[Opening Records provided section]

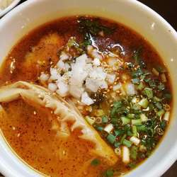 味濃いめではあるが、豚骨ベースに背脂、マー油、玉ねぎの食感、縮れた中太麺がスープに絡み実に美味い。
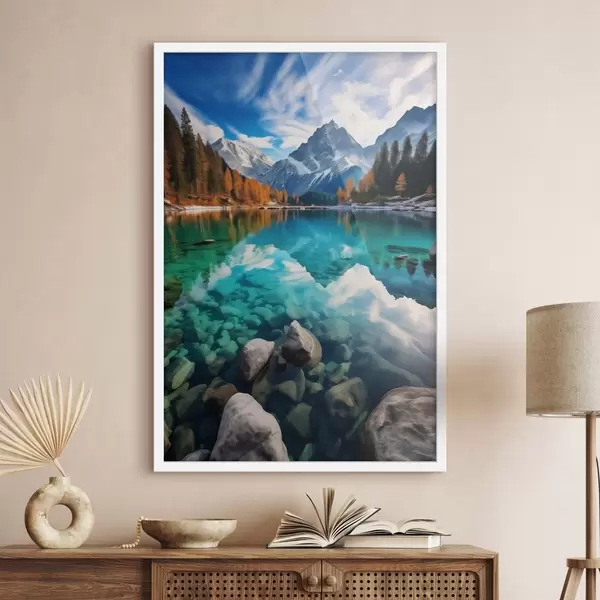 Poster Bergsee mit türkisfarbenem Wasser und herbstlichen Lärchen f46517
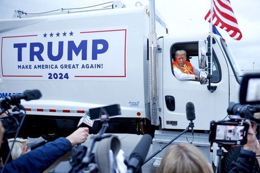 Miercuri, la evenimentul din Wisconsin, Trump a venit într-o mașină de salubrizare, purtând o uniformă de gunoier și în discursul său a făcut referire clară la declarația lui Biden.
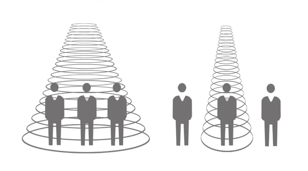 当声波传播出去的时候,会使大气压强受到扰动,从而产生变化,我们就将其称之为“声压”。简单来讲,声压就是在大气压强上叠加一个声波扰动所引起的压强变化,声音虽然是四散传播的,但在各个方向上所产生的压强却是不同的,在经过控制和处理之后,就可以让普通声源变为指向性声源,这就好比给一个灯泡加装了一个罩子,于是灯泡所发出的光就不再是四散开来的,而变成了一个光束。不同的是,这里所说的“罩子”并不是实体可见的。
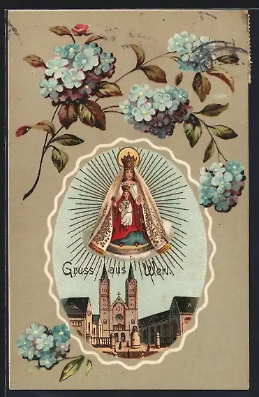 Künstler-AK Werl, Kirche, Gnadenmutter, blaue Blumen
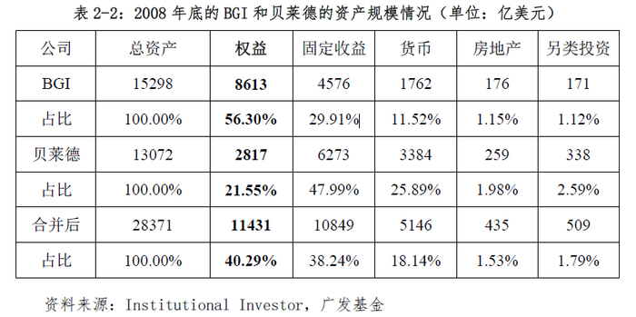 2008年底,BGI管理资产规模为1.53万亿美元,贝莱德则为1.31万亿美元,二者合并后管理资产规模高达2.8万亿美元。
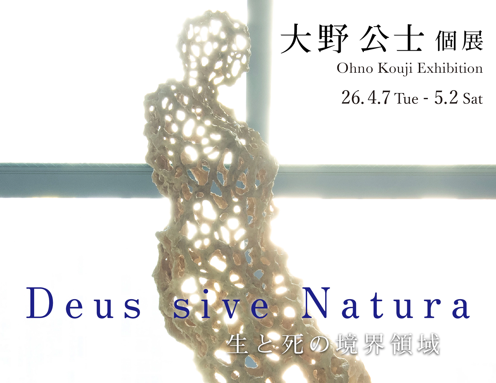 大野のアーティストとしての活動の一つの節目となる本展にて、スピノザの「神即ち自然」という命題を起点として、長年にわたり探究してきた死生観と存在への考察の成果をぜひご体感ください。
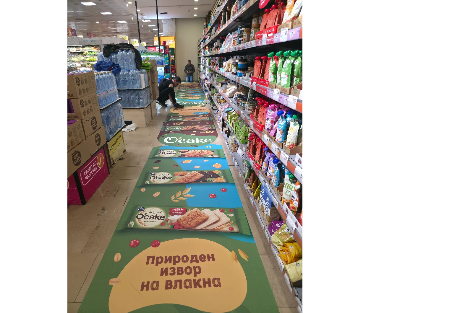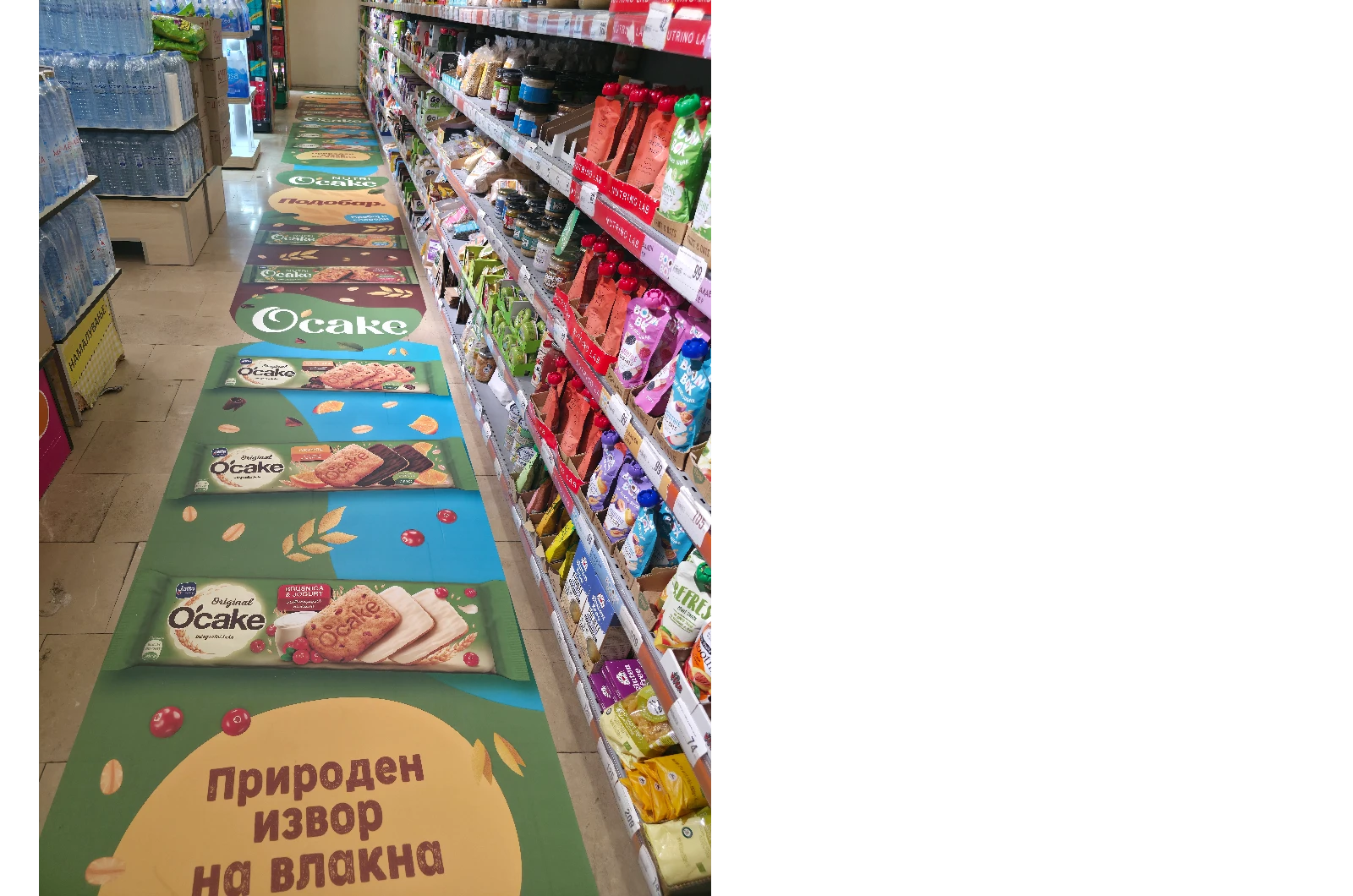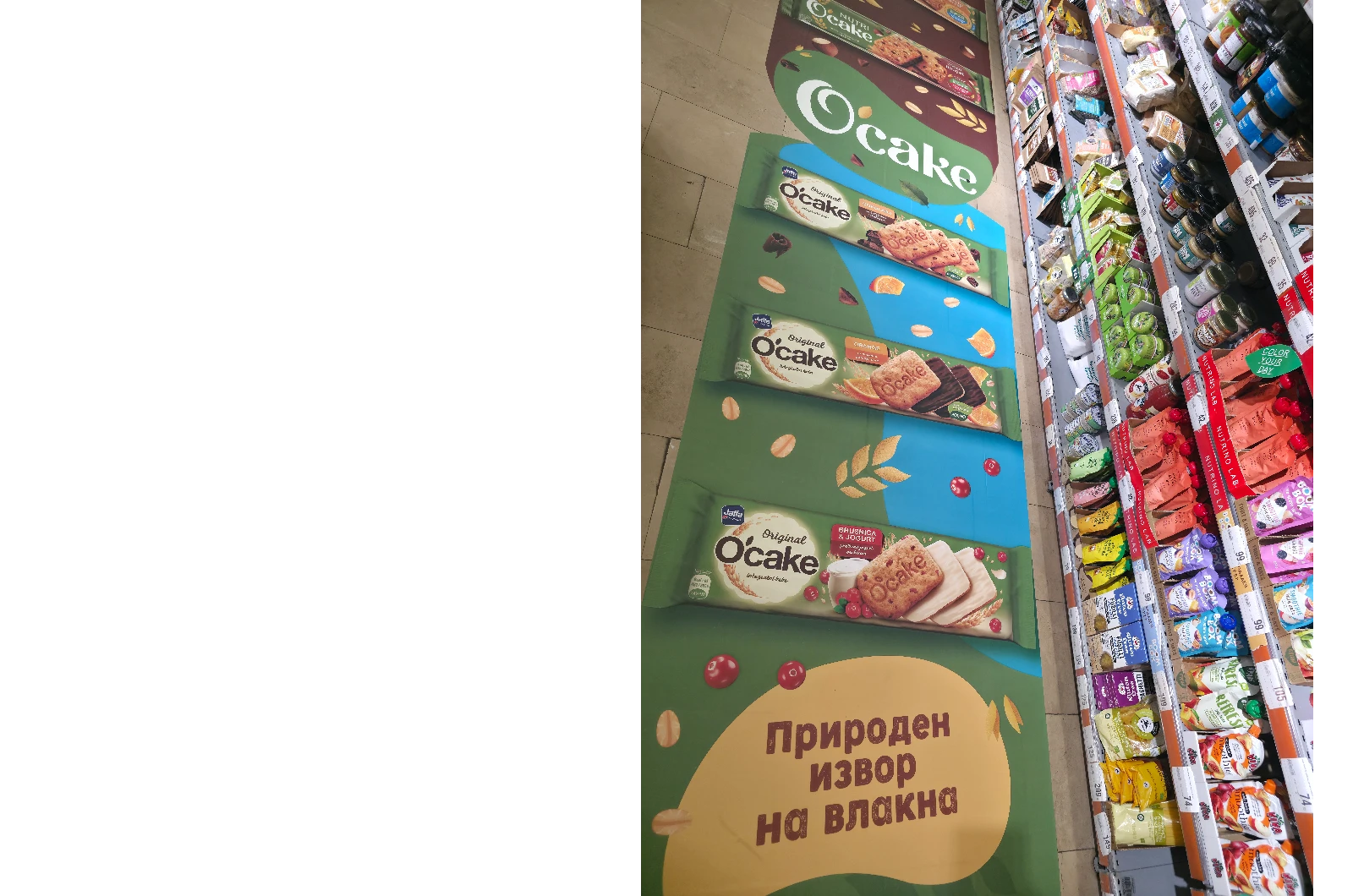 Во насока на зајакнување на видливоста и позиционирањето на брендот во продажниот простор, успешно реализиравме имплементација на XXL подна графика за Jaffa и производот O'Cake, поставена долж коридорот за здрава храна во Рамсторе Мол.

[Closing Records provided section]

# Your task:
Write out each line exactly, from the one containing "大野のアーティストとしての活" through the end of the entries, and skip the pictures.

# Result for this task:
 大野のアーティストとしての活動の一つの節目となる本展にて、スピノザの「神即ち自然」という命題を起点として、長年にわたり探究してきた死生観と存在への考察の成果をぜひご体感ください。
 Во насока на зајакнување на видливоста и позиционирањето на брендот во продажниот простор, успешно реализиравме имплементација на XXL подна графика за Jaffa и производот O'Cake, поставена долж коридорот за здрава храна во Рамсторе Мол.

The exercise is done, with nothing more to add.